His green fatigues were crisp; they had just been cleaned for his return home. I wonder how much foreign blood and dirt had stained his sleeves only days ago. What I didn’t get was why he was here. High school recruiters had come by weeks ago. Heh, the dean nearly suspended me for spitting in a marine’s face. I’d spit in this guy’s face, too, but he wasn’t worth the effort to stand up and abandon my lunch.

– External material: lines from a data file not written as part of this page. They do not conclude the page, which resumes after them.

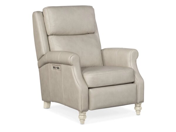 Top-grain leather zero-gravity power glider recliner with smooth glide and power headrest. Built-in USB charging and plush cushioning enhance everyday comfort.
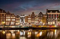In de grachtenpanden en de woonboten aan de Singel in Amsterdam branden lichtjes. In het water van de Singel reflecteert het beeld. De lucht toont nog net het kleurenpalet dat de onderstaande zon over de Amsterdamse werpt. De panden aan de Singel hebben een variatie aan gevels. Je vindt er o.a. trap- en klokgevels.
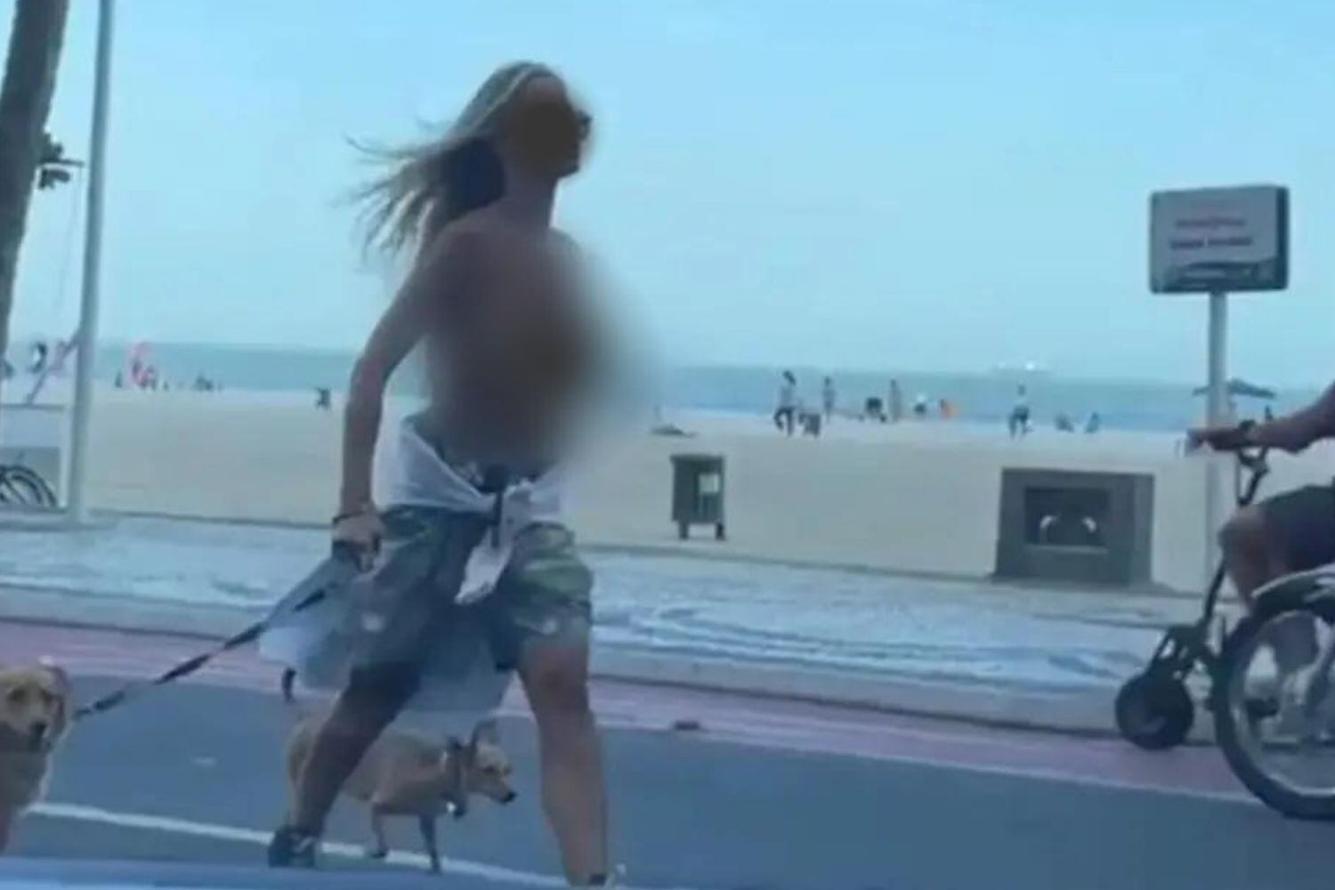 O caso aconteceu no último sábado (13), na Avenida Atlântica. Nas imagens é possível ver quando a mulher caminha com os seios à mostra pela orla da praia, chamando a atenção de outras pessoas. Logo depois, ela acabou sendo detida e, segundo outras imagens, ficou “indgnada” com a situação.
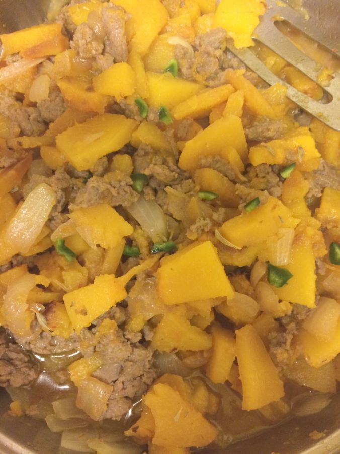 Carrying the stir-fry of heirloom pumpkin to the next level, try it in a stir-fry one-dish meal with meat.  Here I have sautéed ground turkey before adding it to the Mayo Blusher and onion stir-fry.  Add fresh diced green peppers or diced I’itoi’s onions for color and flavor–or if you have a picante palate, dice a jalapeño into the entire dish, gradually testing it to your own level of “heat.”  This is an innovative use of left-over turkey a few days after Thanksgiving.
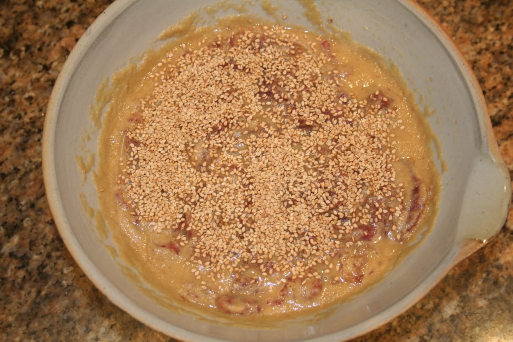 - Et couvrir le tout de graines de sésame grillé, puis bien mélanger. Fermer avec un film alimentaire et réserver au frais pendant 3 heures. La viande va absorber presque tout le jus.
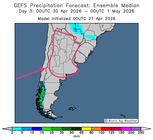 • Essentiellement, les prévisions météorologiques demeurent à surveiller à court terme pour l’Argentine. L’analyse des cartes GFS (World Ag Weather), tracées jusqu’au 3e jour, révèle des possibilités de temps sec persistant sur l’ensemble du territoire de production. À terme, ces conditions pourraient néanmoins entraîner du stress hydrique chez plusieurs cultures, même si l’humidité du sol reste correcte à de nombreux endroits (voir notamment la carte du 3e jour ci-contre).
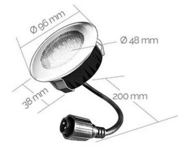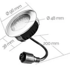 Deze spot heeft een diameter van 95mm. en zijn voorzien van een aansluitkabel van 18cm.
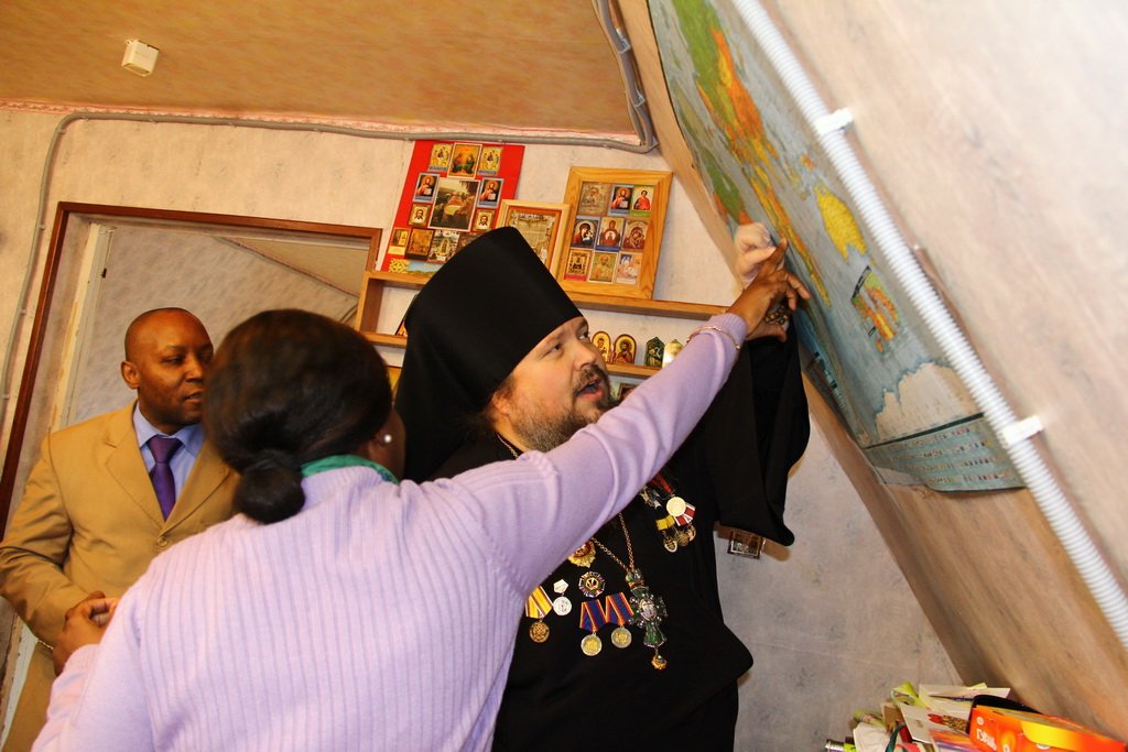Начавшиеся в этом году отношения с учащимися французского лицея при посольствах в Москве вылилось в неожиданное продолжение. В пятницу 28 марта Детский корпус «Никита», школу мастерства «Шмель» и воскресную школу храма посетила делегация с африканского континента — жены послов стран
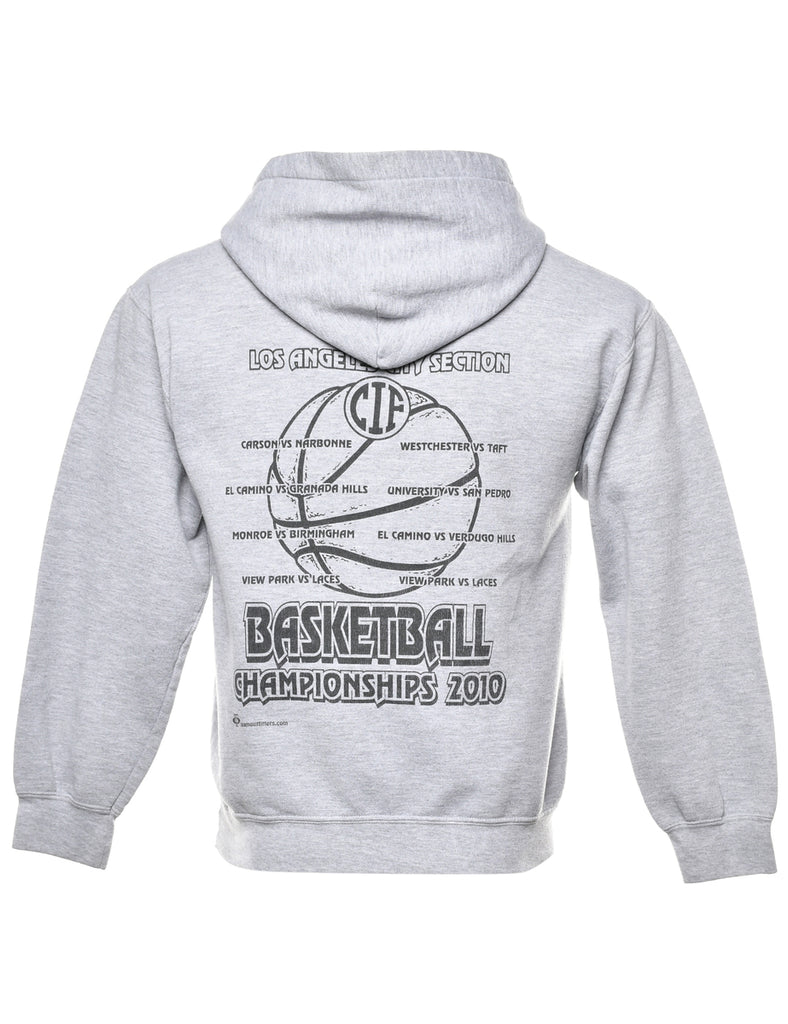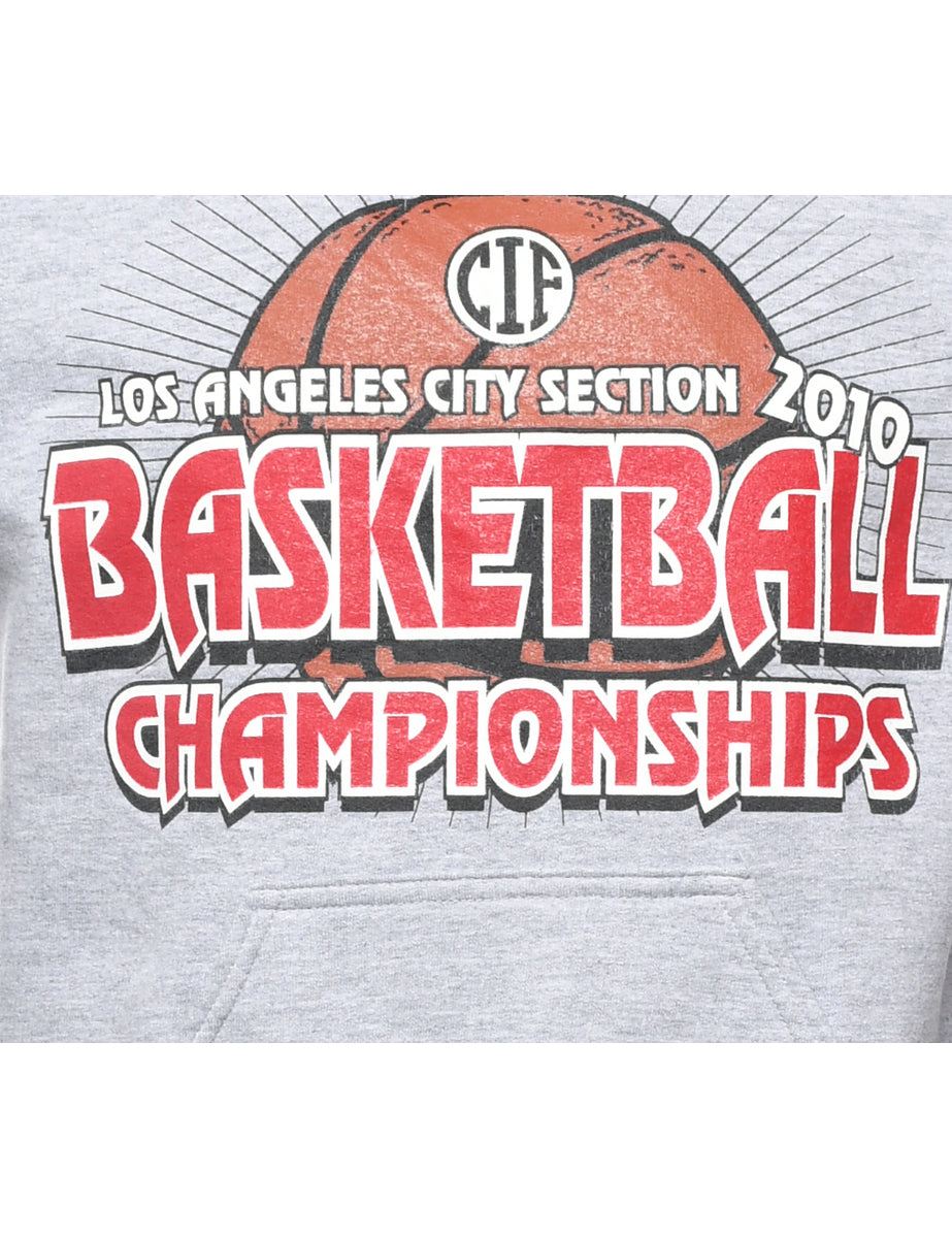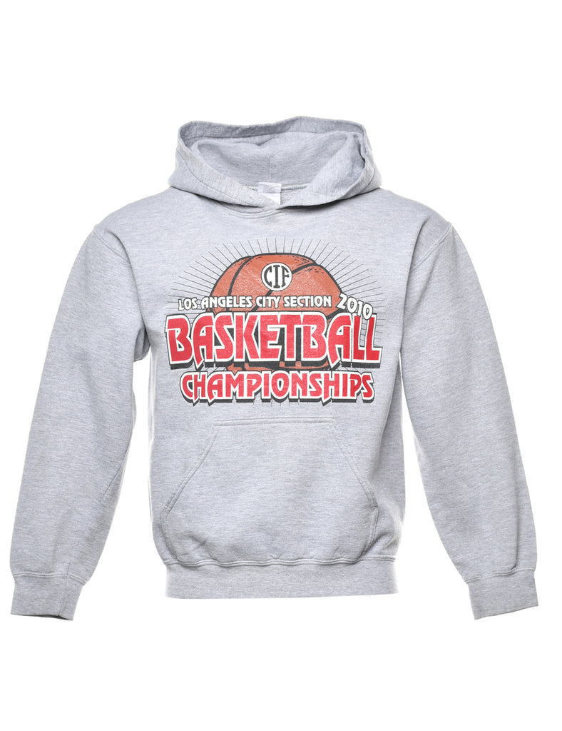 Gildan basketball championships printed hoodie in grey with ribbed cuffs and waistband.
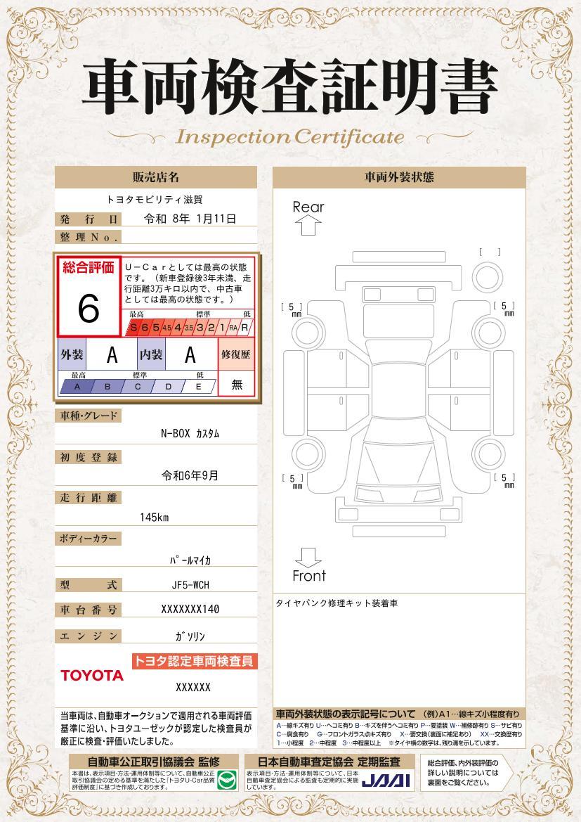 車のキズや修復歴などを一目でわかりやすく表示しております。安心して車選びを楽しんでいただくための証明書です。

Suddenly, a scream erupted from the far side of the commons, and the place turned absolutely silent. A girl in my history class leapt out of her seat and dashed towards the man. He spread his arms wide and they embraced. Every single person in the room felt compelled to applaud this act; quite a few people stood up. I, of course, abstained. A couple people around me shot the dirtiest look I had ever seen in my direction. I didn’t expect them to understand how I felt right now, how jealous I was of this moment. At least this girl’s father returned home from war.

 

II

             The soldier walked in, and I hoped for a second that it was him, coming to surprise me just like I’ve dreamed for six months. I only caught a glance of him before noise erupted from the east side of the commons. A group of kids were raising their voices, standing up. They managed to distract me from the soldier. I didn’t want the distraction. I wanted to think about him, to be held in his arms again.

I risked a glance back towards the soldier, in full uniform. They all look the same from afar. I hoped it was him. The kids were raising their voices, inadvertently demanding my attention, though they couldn’t hope to fully claim it in that moment.

When the girl screamed, I turned away from the food fight about to break out and saw a girl from one of my Freshman English classes last year sprinting towards a soldier in the commons. The tears in both their eyes brought tears to my eyes. I brushed my left hand across my face to catch the tears, and the ring brushed across my cheek.

My husband’s been in Afghanistan. He’s a captain of a special infantry unit. Every day after I watch the six o’clock news, I can’t help but call him, hoping he’ll pick up, that nothing’s happened to him. The constant worry, the tension in my stomach, it makes me sick. I want him home. I want him to whisper into my ear like he did the night before he left.

The two embraced, and the room erupted in applause. I swore I could hear one of them faintly whispering “I missed you.” I didn’t try to hold tears back that time. There was no chance.

 

III

He came into the front office an hour before the school day officially started, just like he’d planned. I had no idea it was happening. The teacher who planned it all filled me in on the details later. He’d been home for a week already, but he really wanted to surprise his daughter. He’d been deployed for twenty-four months, and now that he was home he was retiring from active service. It reminds me of my homecoming years ago.

I was in Iraq during the first Gulf War. Just a lowly Private shipped out after basic training. I wasn’t there for long; they sent me all over the world (I won’t recount all the details) but I was gone for fifteen months. I had a girl back home, too, and letters sometimes took weeks to reach their destination. I was never in one place long enough to use one reliable phone number. The more we wrote, the closer we grew together. I knew about three months into my deployment what I wanted to do. The moment I stepped onto U.S. soil and saw Kathleen, I got down on one knee and asked her. We’ve been together ever since.

I wish I could have been there for the reunion itself. As principal of the school, I had other matters to attend to. I was in meetings all morning, but around lunch I heard the applause. In the minutes between my lunch and a budget meeting, I stepped into the commons to a standing ovation for the soldier and his daughter, reunited at last. It was moments like these that I was proud to have served my country.